• Try it: Below is a listing. Set down exactly the lines from the one containing "虽然 Jobs For" through the one containing "To simplify the", both ends included, and leave out the rest.

• Data:
----

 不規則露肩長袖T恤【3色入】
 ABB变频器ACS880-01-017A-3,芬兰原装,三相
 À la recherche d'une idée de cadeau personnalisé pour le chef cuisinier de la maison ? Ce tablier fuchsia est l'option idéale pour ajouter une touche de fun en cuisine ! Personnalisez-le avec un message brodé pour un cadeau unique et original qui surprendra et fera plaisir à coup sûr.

----

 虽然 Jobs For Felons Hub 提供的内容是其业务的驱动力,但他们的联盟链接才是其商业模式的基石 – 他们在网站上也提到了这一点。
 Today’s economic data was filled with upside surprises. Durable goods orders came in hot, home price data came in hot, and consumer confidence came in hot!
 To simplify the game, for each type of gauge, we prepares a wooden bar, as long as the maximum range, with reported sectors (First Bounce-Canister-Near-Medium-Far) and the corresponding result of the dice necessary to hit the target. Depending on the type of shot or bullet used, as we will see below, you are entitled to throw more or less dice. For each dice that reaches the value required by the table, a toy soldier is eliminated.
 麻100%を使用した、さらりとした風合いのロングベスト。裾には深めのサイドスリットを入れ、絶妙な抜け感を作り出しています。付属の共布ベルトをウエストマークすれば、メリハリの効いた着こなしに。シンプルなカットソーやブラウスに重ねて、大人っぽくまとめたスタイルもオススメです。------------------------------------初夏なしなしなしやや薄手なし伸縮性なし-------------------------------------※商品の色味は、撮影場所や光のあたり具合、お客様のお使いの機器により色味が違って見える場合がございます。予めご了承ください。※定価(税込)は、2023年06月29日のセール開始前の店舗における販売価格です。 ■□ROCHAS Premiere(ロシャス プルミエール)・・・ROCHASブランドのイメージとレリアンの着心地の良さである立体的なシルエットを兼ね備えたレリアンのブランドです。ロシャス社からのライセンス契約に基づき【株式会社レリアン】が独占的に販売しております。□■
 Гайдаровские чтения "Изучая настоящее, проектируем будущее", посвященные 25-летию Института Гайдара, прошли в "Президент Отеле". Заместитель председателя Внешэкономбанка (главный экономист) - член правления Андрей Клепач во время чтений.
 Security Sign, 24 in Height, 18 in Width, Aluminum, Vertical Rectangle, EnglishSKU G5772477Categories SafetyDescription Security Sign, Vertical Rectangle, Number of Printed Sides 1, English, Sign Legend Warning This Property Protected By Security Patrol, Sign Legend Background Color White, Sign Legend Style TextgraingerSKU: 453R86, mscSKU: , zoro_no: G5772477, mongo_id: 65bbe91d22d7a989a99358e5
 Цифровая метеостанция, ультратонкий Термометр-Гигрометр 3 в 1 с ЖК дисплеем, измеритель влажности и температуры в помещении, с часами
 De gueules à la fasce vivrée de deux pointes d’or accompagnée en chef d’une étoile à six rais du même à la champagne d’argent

----

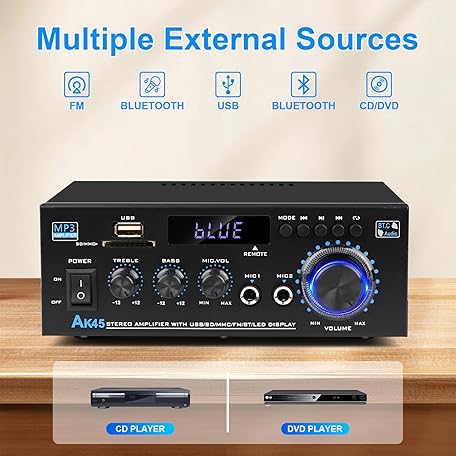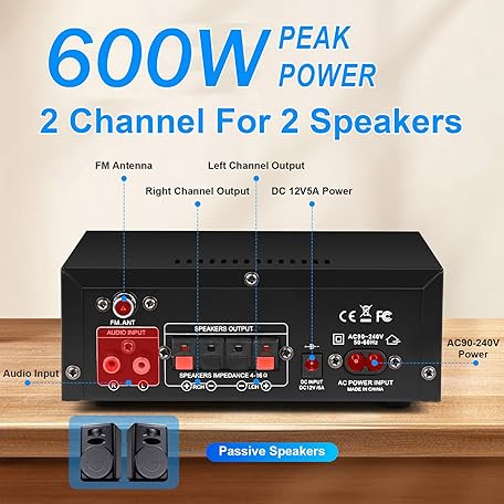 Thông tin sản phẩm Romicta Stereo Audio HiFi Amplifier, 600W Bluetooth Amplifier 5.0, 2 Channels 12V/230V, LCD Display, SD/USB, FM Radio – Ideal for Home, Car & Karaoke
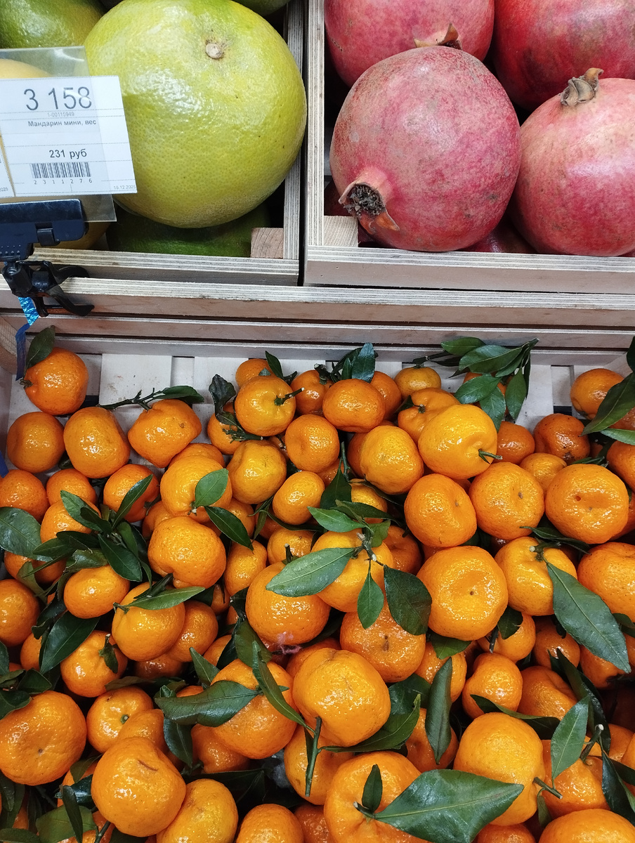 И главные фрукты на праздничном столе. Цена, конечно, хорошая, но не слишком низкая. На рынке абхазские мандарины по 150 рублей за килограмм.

----

• Exercise response:
 虽然 Jobs For Felons Hub 提供的内容是其业务的驱动力,但他们的联盟链接才是其商业模式的基石 – 他们在网站上也提到了这一点。
 Today’s economic data was filled with upside surprises. Durable goods orders came in hot, home price data came in hot, and consumer confidence came in hot!
 To simplify the game, for each type of gauge, we prepares a wooden bar, as long as the maximum range, with reported sectors (First Bounce-Canister-Near-Medium-Far) and the corresponding result of the dice necessary to hit the target. Depending on the type of shot or bullet used, as we will see below, you are entitled to throw more or less dice. For each dice that reaches the value required by the table, a toy soldier is eliminated.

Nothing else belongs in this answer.